Krom over mijn bureau hangend staar ik naar het voorbijglijdende Facebook. Ik moet nog tot half zes. Daarna moet ik boodschappen doen, spullen opruimen en slapen. Naar het theater of museum ga ik vanavond niet meer en op mijn vrije dagen heb ik wel wat beters te doen (uitrusten en schuilen voor de grote buitenwereld).
Eigenlijk wil ik meer kunst zien, want kunst kan raken en tot denken aanzetten door de verhalen die het vertelt. Ik geloof niet dat daar per se een maker aan te pas moet komen. We maken met z'n allen heel wat kunst, zonder dat we het doorhebben. Mijn gedachten jagen op de zaken vooruit. Ik zit nog als een gaargestoomde perzik op mijn werk .
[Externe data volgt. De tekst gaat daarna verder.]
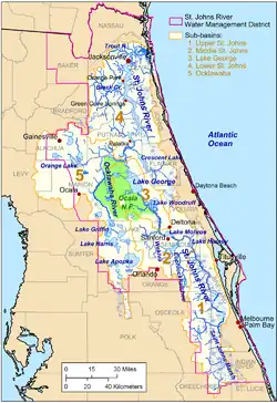 | Linke Nebenflüsse | Mills Creek River, Econlockhatchee River, Wekiva River, Black Water Creek (Lake County), Alexander Springs, Salt Springs Run, Ocklawaha River, Cross Florida Barge Canal, Rice Creek/Simms Creek, Black Creek, Ortega River, Trout River | |

Het menselijk dier, in pasteltinten gedrukt, langzaam klimmend in de pikorde
Plotseling merk ik dat mijn aandacht is gevangen door het kartonnen etiketje van een fles sinaasappelsap. Hé, dat ziet er interessant uit. Het lijkt wel kunst! Het sinaasappelsap heeft een duidelijke houdbaarheidsdatum meegekregen. Wij als mensen hebben daar geen idee van en zeggen vaak dat we het niet willen weten. Maar zou zo’n concreet eindigheidsbesef het leven niet zoveel meer gewicht geven?
De tijd stopt, ik vlieg op, maak een buiksliding over de grond en neem voor het eerst in jaren de omgeving rondom me goed waar. Ik zie de tragiek van goede ideeën en de werkelijkheid waar ze landen in stekkers van in hoogte verstelbare bureaus. Ze steken niet in het contact, maar bungelen boven de grond. Ik zie de vele bureaustoelen waar niemand ooit in zit, hoor de aankondiging van slecht nieuws in de ringeling van een telefoon, welke? Die van jou, nee die van – te laat: de eeuwige terugkeer van het tekortschieten.
Gesticulerende ledematen, gekrijs en tactisch geworpen blikken – het menselijk dier, in pasteltinten gedrukt, langzaam klimmend in de pikorde. In mijn baas herken ik de dramaturgie van het dagelijks leven; de goedlachse moeder die fronsend even moet laten zien dat het menens is. Het kleine legertje loonbeunhazen dat zich gedresseerd verschanst achter onhandige apparaten, om een radertje van de maatschappelijke machinerie nog wat langer draaiend te houden tegen de achtergrond van de voortrazende technologie.
In de kantoorklerk die zijn werk in stilte verzet, die vergeet te dromen van een andere plek dan deze toegeëigende honderdentwintig vierkante centimeters, zie ik de noodzaak wakker te worden. Niet stil te blijven zitten.
Voor kunst hoef je de deur niet uit, zelfs in de tombes van bedrijven en andere instellingen is ze er. Wie kijkt die ziet.